Future Directions for Research and Practice

This short book and these proposals are a first step. We believe that there are immediate implications but recognise that if the ideas have merit then they need to be debated, developed further and tested in practice by a community of people. The table in Chap. 11 provides, as we expressed it, an incomplete taxonomy. We know that much more work is need to map the full set of strategies and interventions, assess the value of the overall framework, the nature and purpose of the various interventions and their effectiveness in practice. Our experience so far from the small group of people who generously found time to read an earlier draft is that they recognised the need for a broader view of safety, for a breadth of strategic approach and particularly to the need to customise approaches to safety to different settings and along the patient journey.

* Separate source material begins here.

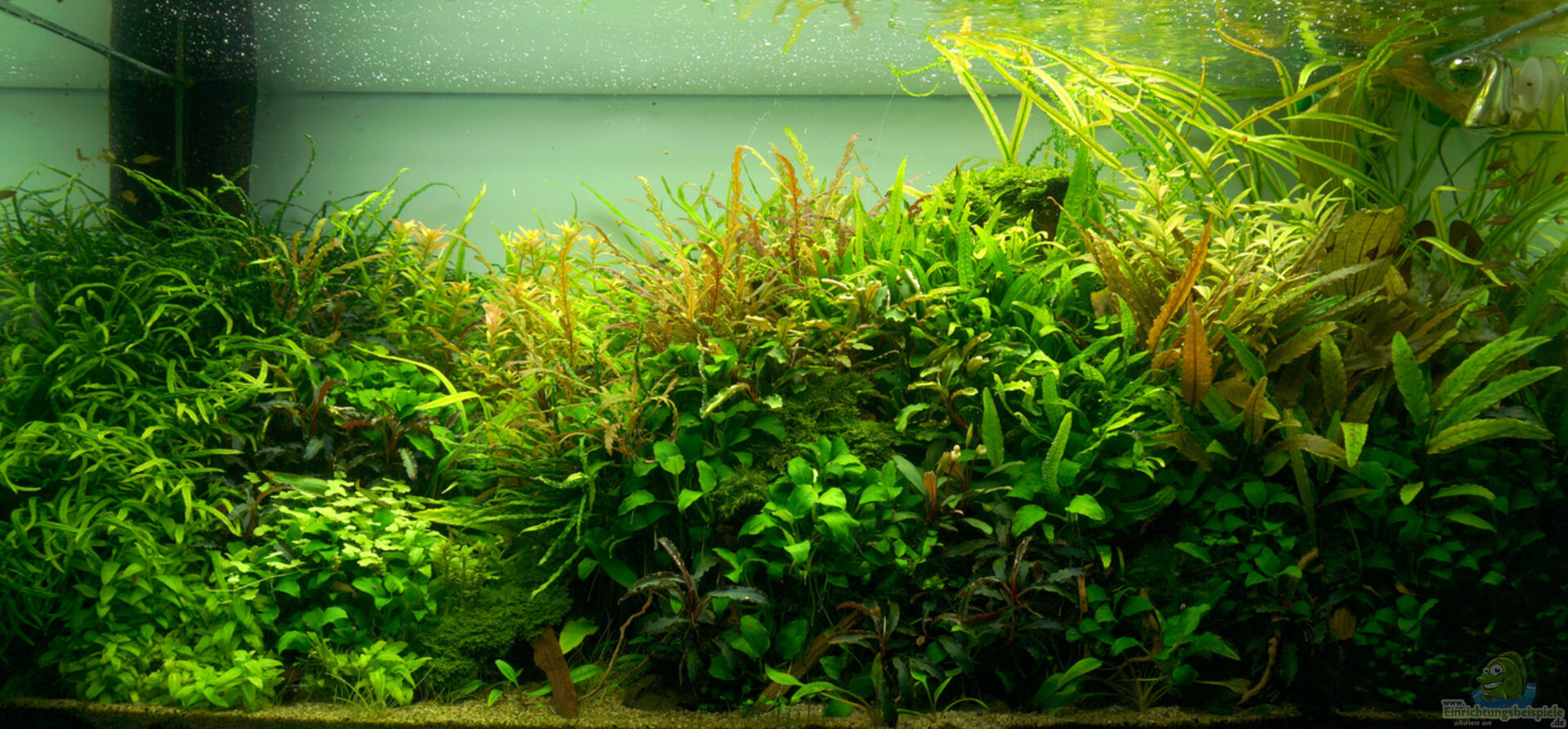 Das Aquarium ist vor allem ein Pflanzenbecken ohne gro??e Besonderheiten. Das Becken selbst ist ein über 15 Jahre altes Juwel-Standardbecken mit Längsstreben. An der Rückwand wurde eine selbstklebende Milchglasfolie aus dem Baumarkt angebracht.

The next step is broadly ethnographic. We need to observe, identify and collate safety relevant strategies and interventions at all levels of healthcare organisations and the wider system. Ideally these could be compared and matched with approaches taken in other industries. From there we could develop a more robust taxonomy of approaches and begin to assess which might be applicable in different contexts. A considerable amount of research and empirical work is needed to map the full set of strategies and interventions currently in use, who they are used by and in what context. From this point we could envisage empirical testing of different approaches and combinations of interventions, similar to those already developed for best practice and system improvement but employing a wider repertoire of approaches and, most important of all, being tested at every level of the system.

Many ideas and approaches to safety have been advanced; the very term safety has been contested and defined in numerous ways. We have a plethora of concepts and organisational ideals to guide us on the safety journey. Many of these ideas however have remained as ideas and not found a concrete expression or application. Our approach in contrast, abstract as it may seem to some, is resolutely practical in intention. The safety strategies and approaches we describe are all in use but have not been drawn together in a comprehensive architecture which attempts to embrace all healthcare settings. We have found in previous work that a unifying framework can be valuable to those managing safety at all levels of the healthcare system. We hope that our proposals and the attempt to develop an architecture of safety interventions will be useful now and productive for the future.